● **WHAT IS EXPECTED**
This exercise asks for an exact copy of every entry below, with pictures omitted.

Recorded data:
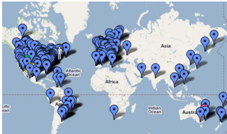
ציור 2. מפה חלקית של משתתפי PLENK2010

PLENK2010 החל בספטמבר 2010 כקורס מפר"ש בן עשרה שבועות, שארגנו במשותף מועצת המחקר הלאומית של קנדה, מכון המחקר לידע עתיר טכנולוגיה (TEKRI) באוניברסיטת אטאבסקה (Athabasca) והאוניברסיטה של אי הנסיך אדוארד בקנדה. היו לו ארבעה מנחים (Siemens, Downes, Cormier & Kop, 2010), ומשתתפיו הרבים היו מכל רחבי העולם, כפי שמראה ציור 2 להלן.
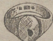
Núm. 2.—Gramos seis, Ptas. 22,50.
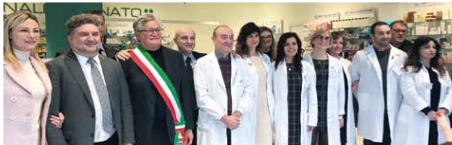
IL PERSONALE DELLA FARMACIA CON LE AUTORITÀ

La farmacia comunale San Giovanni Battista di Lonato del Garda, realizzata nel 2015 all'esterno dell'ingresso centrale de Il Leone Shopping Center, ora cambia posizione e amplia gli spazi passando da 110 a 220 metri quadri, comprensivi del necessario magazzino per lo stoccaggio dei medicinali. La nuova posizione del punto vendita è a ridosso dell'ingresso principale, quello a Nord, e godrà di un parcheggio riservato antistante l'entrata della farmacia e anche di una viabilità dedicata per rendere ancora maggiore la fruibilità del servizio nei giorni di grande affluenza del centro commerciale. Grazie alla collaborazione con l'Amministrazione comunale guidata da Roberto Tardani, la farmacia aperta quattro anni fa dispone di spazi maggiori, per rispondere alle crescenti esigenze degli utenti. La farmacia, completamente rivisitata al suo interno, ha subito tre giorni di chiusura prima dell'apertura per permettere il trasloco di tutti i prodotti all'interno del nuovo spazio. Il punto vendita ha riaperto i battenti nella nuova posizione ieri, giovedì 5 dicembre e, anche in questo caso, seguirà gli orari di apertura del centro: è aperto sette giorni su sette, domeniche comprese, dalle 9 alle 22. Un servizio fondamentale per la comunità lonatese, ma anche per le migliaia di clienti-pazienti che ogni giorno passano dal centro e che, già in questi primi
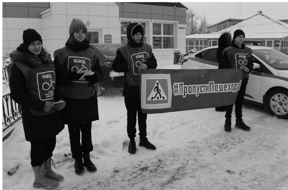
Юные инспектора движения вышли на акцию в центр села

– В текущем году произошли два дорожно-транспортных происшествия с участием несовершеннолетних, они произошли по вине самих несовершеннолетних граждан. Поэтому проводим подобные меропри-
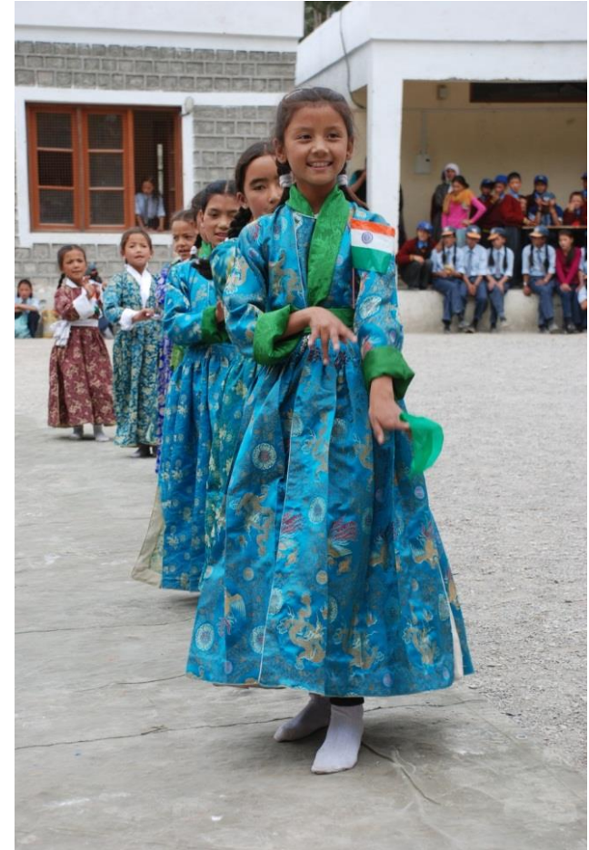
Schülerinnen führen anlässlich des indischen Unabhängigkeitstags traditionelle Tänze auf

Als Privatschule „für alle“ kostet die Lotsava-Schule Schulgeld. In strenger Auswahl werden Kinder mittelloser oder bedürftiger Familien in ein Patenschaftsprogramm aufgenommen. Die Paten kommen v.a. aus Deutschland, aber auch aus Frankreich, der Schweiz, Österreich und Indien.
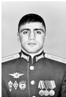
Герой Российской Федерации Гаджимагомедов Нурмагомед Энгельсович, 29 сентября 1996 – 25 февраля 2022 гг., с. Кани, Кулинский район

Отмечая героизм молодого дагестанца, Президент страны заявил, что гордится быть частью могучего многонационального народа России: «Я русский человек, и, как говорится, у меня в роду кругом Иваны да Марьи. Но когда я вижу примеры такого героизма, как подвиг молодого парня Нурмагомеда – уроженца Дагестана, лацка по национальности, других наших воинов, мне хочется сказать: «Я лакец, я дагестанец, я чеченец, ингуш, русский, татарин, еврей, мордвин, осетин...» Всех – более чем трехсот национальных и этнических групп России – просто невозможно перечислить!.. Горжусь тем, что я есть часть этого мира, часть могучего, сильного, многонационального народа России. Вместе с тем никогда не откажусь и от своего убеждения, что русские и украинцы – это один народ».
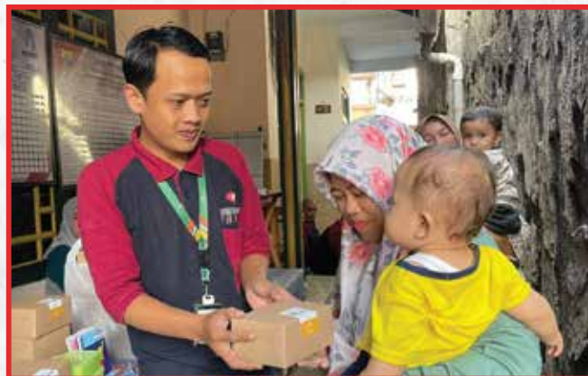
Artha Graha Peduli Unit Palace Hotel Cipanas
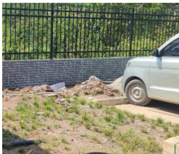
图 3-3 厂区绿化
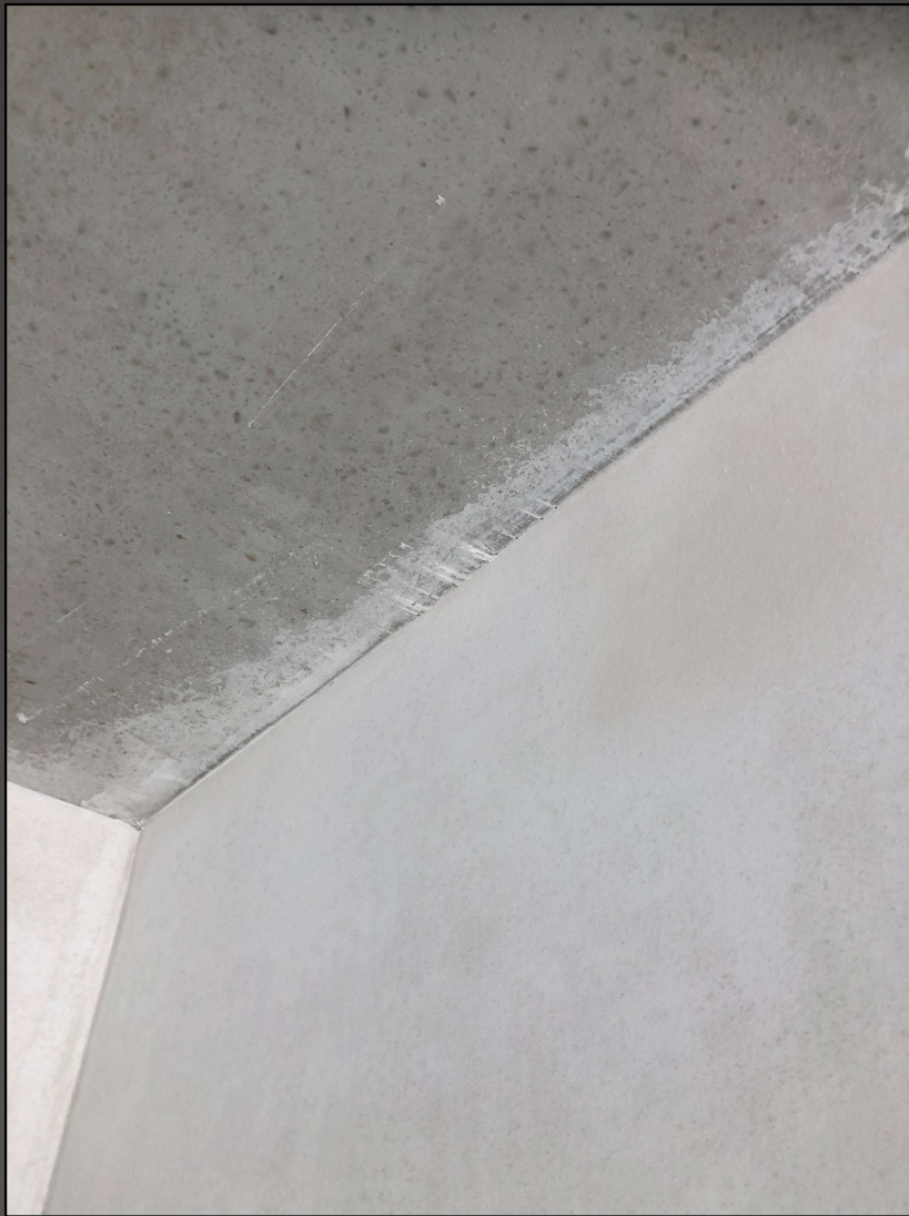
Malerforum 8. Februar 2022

● **THE COMPLETED TASK**
ציור 2. מפה חלקית של משתתפי PLENK2010

PLENK2010 החל בספטמבר 2010 כקורס מפר"ש בן עשרה שבועות, שארגנו במשותף מועצת המחקר הלאומית של קנדה, מכון המחקר לידע עתיר טכנולוגיה (TEKRI) באוניברסיטת אטאבסקה (Athabasca) והאוניברסיטה של אי הנסיך אדוארד בקנדה. היו לו ארבעה מנחים (Siemens, Downes, Cormier & Kop, 2010), ומשתתפיו הרבים היו מכל רחבי העולם, כפי שמראה ציור 2 להלן.
Núm. 2.—Gramos seis, Ptas. 22,50.
IL PERSONALE DELLA FARMACIA CON LE AUTORITÀ

La farmacia comunale San Giovanni Battista di Lonato del Garda, realizzata nel 2015 all'esterno dell'ingresso centrale de Il Leone Shopping Center, ora cambia posizione e amplia gli spazi passando da 110 a 220 metri quadri, comprensivi del necessario magazzino per lo stoccaggio dei medicinali. La nuova posizione del punto vendita è a ridosso dell'ingresso principale, quello a Nord, e godrà di un parcheggio riservato antistante l'entrata della farmacia e anche di una viabilità dedicata per rendere ancora maggiore la fruibilità del servizio nei giorni di grande affluenza del centro commerciale. Grazie alla collaborazione con l'Amministrazione comunale guidata da Roberto Tardani, la farmacia aperta quattro anni fa dispone di spazi maggiori, per rispondere alle crescenti esigenze degli utenti. La farmacia, completamente rivisitata al suo interno, ha subito tre giorni di chiusura prima dell'apertura per permettere il trasloco di tutti i prodotti all'interno del nuovo spazio. Il punto vendita ha riaperto i battenti nella nuova posizione ieri, giovedì 5 dicembre e, anche in questo caso, seguirà gli orari di apertura del centro: è aperto sette giorni su sette, domeniche comprese, dalle 9 alle 22. Un servizio fondamentale per la comunità lonatese, ma anche per le migliaia di clienti-pazienti che ogni giorno passano dal centro e che, già in questi primi
Юные инспектора движения вышли на акцию в центр села

– В текущем году произошли два дорожно-транспортных происшествия с участием несовершеннолетних, они произошли по вине самих несовершеннолетних граждан. Поэтому проводим подобные меропри-
Schülerinnen führen anlässlich des indischen Unabhängigkeitstags traditionelle Tänze auf

Als Privatschule „für alle“ kostet die Lotsava-Schule Schulgeld. In strenger Auswahl werden Kinder mittelloser oder bedürftiger Familien in ein Patenschaftsprogramm aufgenommen. Die Paten kommen v.a. aus Deutschland, aber auch aus Frankreich, der Schweiz, Österreich und Indien.
Герой Российской Федерации Гаджимагомедов Нурмагомед Энгельсович, 29 сентября 1996 – 25 февраля 2022 гг., с. Кани, Кулинский район

Отмечая героизм молодого дагестанца, Президент страны заявил, что гордится быть частью могучего многонационального народа России: «Я русский человек, и, как говорится, у меня в роду кругом Иваны да Марьи. Но когда я вижу примеры такого героизма, как подвиг молодого парня Нурмагомеда – уроженца Дагестана, лацка по национальности, других наших воинов, мне хочется сказать: «Я лакец, я дагестанец, я чеченец, ингуш, русский, татарин, еврей, мордвин, осетин...» Всех – более чем трехсот национальных и этнических групп России – просто невозможно перечислить!.. Горжусь тем, что я есть часть этого мира, часть могучего, сильного, многонационального народа России. Вместе с тем никогда не откажусь и от своего убеждения, что русские и украинцы – это один народ».
Artha Graha Peduli Unit Palace Hotel Cipanas
图 3-3 厂区绿化
Malerforum 8. Februar 2022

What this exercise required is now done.